Given data.
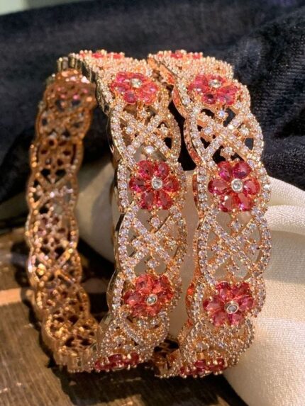 D&J Rose Gold Floral Ruby Zircon Bangles – Luxury Bridal Statement Kada Set for Women
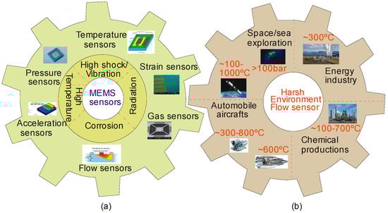 Micro-Electro-Mechanical Systems (MEMS) sensors such as pressure, temperature, strain, acceleration and flow are essential for many harsh environment applications. Harsh environments include but are not limited to high pressure, high temperature, corrosive and erosive nature that can hinder the operation of the device [1]. Figure 1a represents various MEMS sensors and the associated harsh environment conditions. These conditions are typically found in combustion optimization and emission control, oil industries, chemical process control, the propulsion systems of spacecraft and deep-sea devices [2,3]. In recent years, a number of flow sensors have been fabricated and characterized for the measurement of pressure [4,5,6], temperature [7,8], gas species [9,10,11,12,13], strain [14,15,16,17] and acceleration [18,19] in these environments. In addition, there has been growing demand for developing high-temperature miniaturized flow sensors with fast response times and low cost through mass fabrication. Figure 1b depicts the various applications of MEMS flow sensors and their operating ranges. For instance, automobile aircraft and propulsion system conditions are usually monitored by high temperature thermal sensors, which contribute to optimizing the operation conditions from 300 to 800 °C. In chemical production and oil and gas industries, where the operating temperature may range approximately from 100 to 700 °C, in-situ real-time monitoring of process parameters such as temperature, pressure and flow is indispensable as it contributes to the efficiency and process quality assurance [20]. Delivering science instruments through sulfuric acid clouds to land on the surface of space based environment such as Venus, where the pressure is more than 100 bar will inevitably require the use of MEMS flow sensors. Also, energy and automotive combustion systems require precise control of temperature, pressure and air-fuel ratio to obtain optimal efficiency and reliability [21].
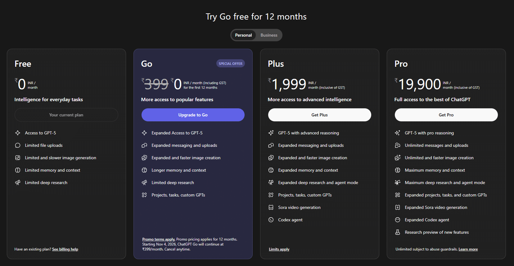 With the ChatGPT Go plan (INR 399 per month), you get access to OpenAI’s flagship model, GPT-5. The plan also lets you enjoy extended access to image generation, file uploads, and advanced data analysis tools. Now, if you live in India (whether you are a new or an existing free user), you can redeem the plan for free. Even existing ChatGPT Go subscribers can take advantage of it.

Task details. Set the data above down again exactly as given, with no pictures.

Task answer.
 D&J Rose Gold Floral Ruby Zircon Bangles – Luxury Bridal Statement Kada Set for Women
 Micro-Electro-Mechanical Systems (MEMS) sensors such as pressure, temperature, strain, acceleration and flow are essential for many harsh environment applications. Harsh environments include but are not limited to high pressure, high temperature, corrosive and erosive nature that can hinder the operation of the device [1]. Figure 1a represents various MEMS sensors and the associated harsh environment conditions. These conditions are typically found in combustion optimization and emission control, oil industries, chemical process control, the propulsion systems of spacecraft and deep-sea devices [2,3]. In recent years, a number of flow sensors have been fabricated and characterized for the measurement of pressure [4,5,6], temperature [7,8], gas species [9,10,11,12,13], strain [14,15,16,17] and acceleration [18,19] in these environments. In addition, there has been growing demand for developing high-temperature miniaturized flow sensors with fast response times and low cost through mass fabrication. Figure 1b depicts the various applications of MEMS flow sensors and their operating ranges. For instance, automobile aircraft and propulsion system conditions are usually monitored by high temperature thermal sensors, which contribute to optimizing the operation conditions from 300 to 800 °C. In chemical production and oil and gas industries, where the operating temperature may range approximately from 100 to 700 °C, in-situ real-time monitoring of process parameters such as temperature, pressure and flow is indispensable as it contributes to the efficiency and process quality assurance [20]. Delivering science instruments through sulfuric acid clouds to land on the surface of space based environment such as Venus, where the pressure is more than 100 bar will inevitably require the use of MEMS flow sensors. Also, energy and automotive combustion systems require precise control of temperature, pressure and air-fuel ratio to obtain optimal efficiency and reliability [21].
 With the ChatGPT Go plan (INR 399 per month), you get access to OpenAI’s flagship model, GPT-5. The plan also lets you enjoy extended access to image generation, file uploads, and advanced data analysis tools. Now, if you live in India (whether you are a new or an existing free user), you can redeem the plan for free. Even existing ChatGPT Go subscribers can take advantage of it.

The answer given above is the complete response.